Haiti’s Gingerbread Houses Focus of Preservation Efforts

Haiti’s famous gingerbread houses endured the January 2010 earthquake relatively well. While they did suffer some damage, researchers estimate that only 5 percent of these historic dwellings partially or fully collapsed. The report “Preserving Haiti’s Gingerbread Houses,” produced by several advocacy groups, represents one of the first systematic efforts to analyze customary Haitian building materials and methods. Photo © Randolph Langenbach

Of the approximately 300,000 buildings in Haiti that were damaged during the January 2010 earthquake, the country’s historic gingerbread houses endured the disaster relatively well. In fact, researchers estimate than only 5 percent of these beloved buildings partially or fully collapsed.

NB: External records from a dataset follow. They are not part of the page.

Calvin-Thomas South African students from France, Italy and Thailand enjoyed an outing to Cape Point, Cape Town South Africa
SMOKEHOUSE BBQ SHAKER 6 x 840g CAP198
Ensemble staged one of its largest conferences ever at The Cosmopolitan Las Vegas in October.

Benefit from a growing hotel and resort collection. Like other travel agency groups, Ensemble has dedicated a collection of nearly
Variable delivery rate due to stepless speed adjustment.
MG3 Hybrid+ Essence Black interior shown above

As the country slowly rebuilds, lessons could be learned from these charismatic dwellings built more than a century ago. A report released this year by the International Council of Monuments and Sites (ICOMOS) and the World Monuments Fund (WMF) states that traditional Haitian construction—particularly braced timber framing and colombage, which features that same framing with masonry infill—withstood seismic loads far better than more recent structures made with rigid Portland cement. These findings were based on an April 2010 survey of approximately 200 gingerbread houses in the Port-au-Prince neighborhoods of Bois Verna, Pacot, and Turgeau. The study was produced with support from the Amsterdam-based Prince Claus Fund and the Haitian organization Fondation Connaissance et Liberté (FOKAL).

The “Preserving Haiti’s Gingerbread Houses” report represents one of the first systematic efforts to analyze customary Haitian building materials and methods. The New York–based WMF distributed the English-language report to select stakeholders this spring and made it available online; a French edition will go out in a similar manner in the coming weeks, and a Spanish version will later be available online. Moreover, WMF is working with FOKAL to present the information in a traveling exhibition that will include photographs by Tito Dupret and Randolph Langenbach.

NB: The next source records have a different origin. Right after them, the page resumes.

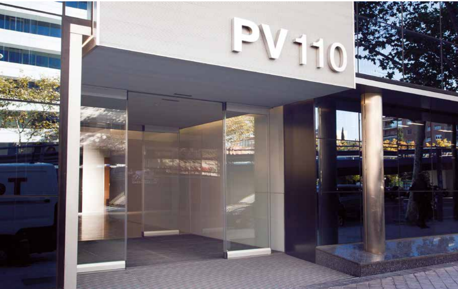
Panic break-out door without vertical stiles. Office building.

The automatic doors with Manusa's panic break-out mechanism combine the features of a sliding door with the safety of break-out leaves, thus maximising the opening.
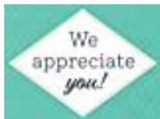
All types of Gift Cards Printed cost $25.00 to $200.00.
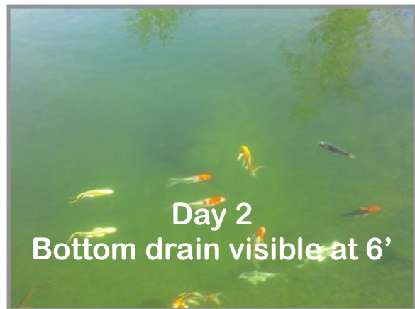
Day 2 Bottom drain visible at 6'
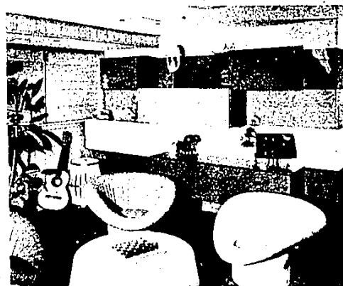
COLORFUL ACCENT WALL made of prefinished hardboard paneling camouflages the storage cabinets in a downstairs recreation room.

tural load, the wall offers big pockets for oversize medicine and storage cabinets in the powder room.
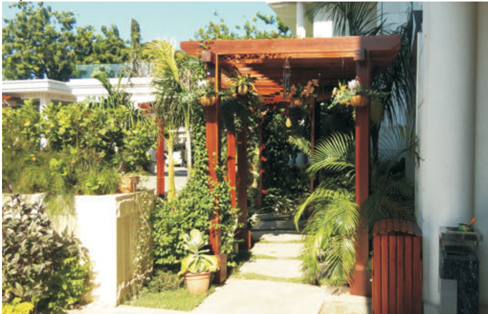
Private residence by Landscape Architect Ambrose Ofafa of Ecoarch Solutions Ltd. (Nairobi)
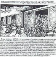
Gulag Prisoners Used by Jews as Cannon Fodders in World War II
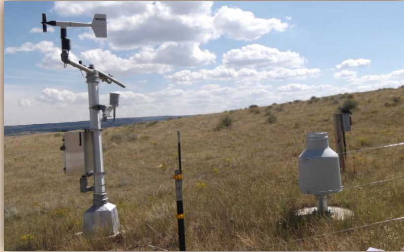
Monitoring Natural Conditions
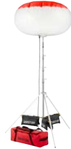
Sirocco Redtech 1300
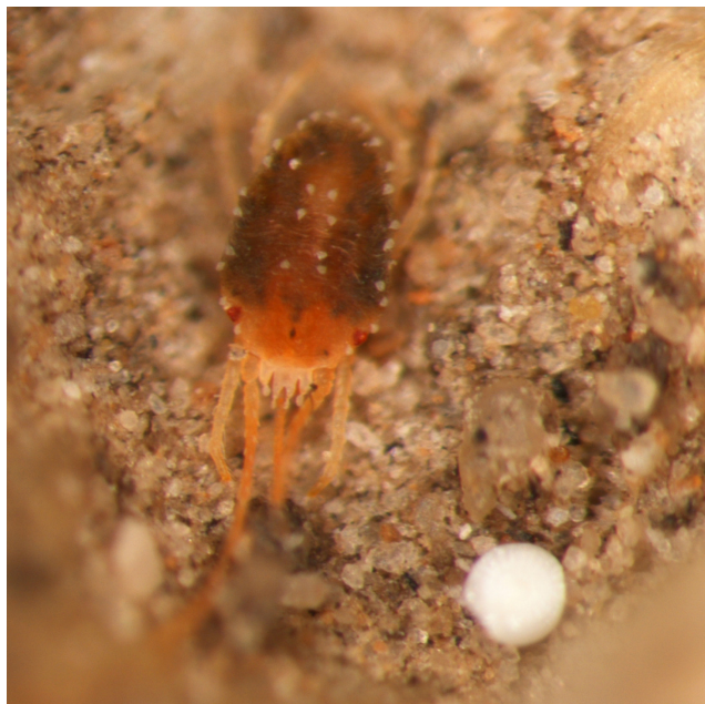
Figure 1. Brown Wheat Mite (BWM).

This mite spends the summer as a dormant, white egg, which hatches in the fall (Figure 2). These mites feed and adults produce red eggs that hatch in about seven days at 72 F. From fall through spring there are multiple generations, each cycling about 21 days, depending on temperatures. Population numbers generally peak in spring. Females of the last generation lay white eggs in the soil that will diapause through the summer and hatch the following fall.
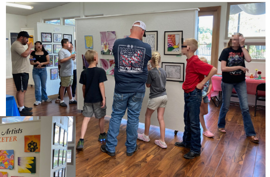
TOP & LEFT: Parents and students view artwork during the Future Artists of EXETER art reception at CACHE.
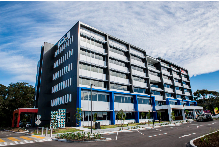
Mariners Centre of Excellence, North Construction and Building, winner Commercial Builder of the Year

The 22nd annual Excellence in Building Awards for Newcastle were held on Friday 9th September 2016
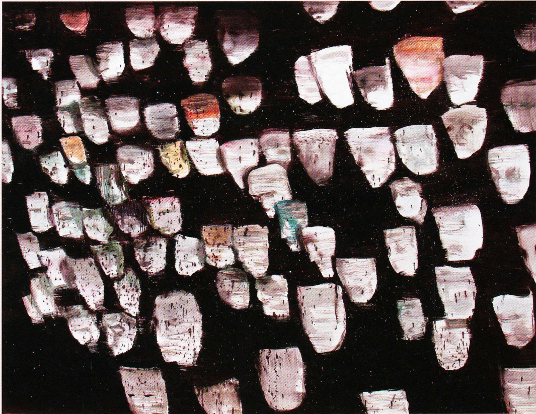
Sooner or Later, 2013, oil on canvas, 170 x 220cm
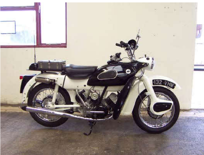
1961 Ariel Arrow Police model
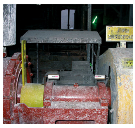
Permanent bearing lubrication on the main drive shaft of a filter pump.

Currently both groups also are working on ensuring a long future for Haiti’s gingerbread houses. WMF, in collaboration with FOKAL and others, hopes to produce preservation manuals that include specific recommendations about shoring and mothballing, mortar analysis, roof refurbishment, and the repair and maintenance of wood, brick, and other materials. The manuals would be developed in conjunction with the restoration of a gingerbread house by FOKAL and students in a new Haitian crafts training program. The house would eventually become a conservation center.

Erica Avrami, WMF’s research and education director, says that preservation is about more than saving a piece of history. “The ultimate goal,” she says, “is to utilize preservation as a catalyst for urban planning, economic and community development, and heritage advocacy.” The gingerbread houses aren’t the only historic structures in Haiti receiving attention from preservationists: Earlier this year, the heavily damaged Iron Market in downtown Port-au-Prince reopened after a $12 million restoration funded by the Irish billionaire Denis O’Brien and overseen by the UK architect John McAslan.